Any reasonable estimate of the universe's minimum pirate density, combined with the relative dimensions of space, pirates, stars, and planets (the latter two are really rather small compared to the universe we know), leads one to conclude that it is at least 99% comprised of pirates. This may explain their suicidal behaviour - what does it matter if the hive loses a thousand drones to bring you down when there are untold trillions packing every corner of the void?
In the middle of the twentieth century, there came a point where it was generally accepted that the universe was expanding, but the Big Bang was only one of two theories explaining this state of affairs. The other was the "steady state" theory, which suggested that as the universe expanded, hydrogen atoms spontaneously popped into being and gradually ran into each other until they had enough friends to make a star, which would fill in the gap left by some existing stars moving away from each other.

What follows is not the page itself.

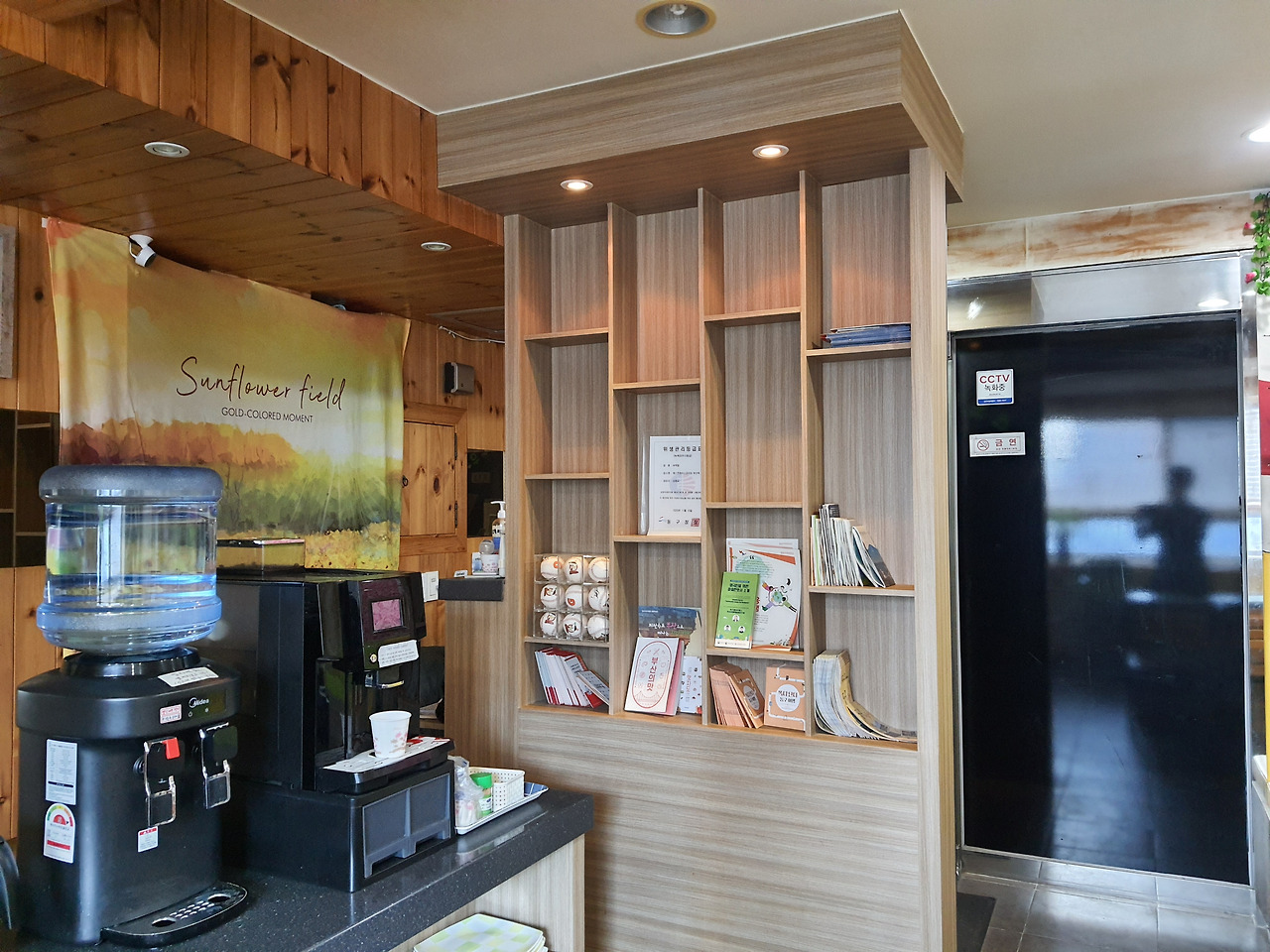 사실 이 공간은 제 용도를 찾지 못하고 방치 되다시피한 서가였다. 입구 근처지만 약간의 지역 관광 홍보물 정도만 덩그러니 놓였을 뿐이다. 그나마도 여기저기 공간이 숭숭 비어 늘 채울 거리가 고민이었다. 이곳 외에도 숙소 내 더 큰 책장이 있는 별도 독서공간이 있었다. 책 읽기를 좋아하는 주인장의 취향이 반영된 덕분이었다. 하지만 독서공간은 운영 초기에 만든 후 별로 활성화되지 못 했다. 숙소의 끝자리, 별실 안에 있어 접근성이 떨어졌기 때문이다. 별실 전용 공간에 더 가까웠다. 입구쪽 빈 서가 각 코너에 이름을 붙이고, 사업 현수막까지 만들어 달자 금세 분위기가 달라졌다. 기존 독서공간에서 책도 몇 권 선별해 가져왔다. 아직 채울 것 투성이지만 시작이 반이라 하지 않았나. '작가 게스트하우스'를 향한 본격적인 여정이 다시 시작되었다.
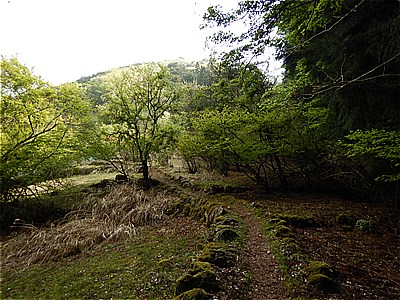 | 左は鹿岳 右が今回の四ツ又山へ 8:05 | 昔は畑だったようなとこを通っていく |

Of course the steady state theory is no longer taken seriously, but there is no particular reason why Braben and Bell, in 1984, couldn't decide that the fictional universe of their game followed this cosmology. Clearly they needed an explanation for the endless supply of pirates, and decided simply that pirates were entirely made of hydrogen, this being how the Elite universe replenished its supply of suns. This is perhaps why in the later BBC Master version of Elite the stars are .001% further apart, although on the 320x256 screens of the era it cannot easily be seen.
This did, naturally, raise the question as to whether the innocent trade ships, police Vipers, and indeed the player themself were humans in steel hulls, or also made of the same gossamer hydrogen star-stuff. That question, I'm pleased to report, has now been answered; every ship in the Elite universe is a wisp of hydrogen, born from the interstellar gulf and someday to grace it as a new star.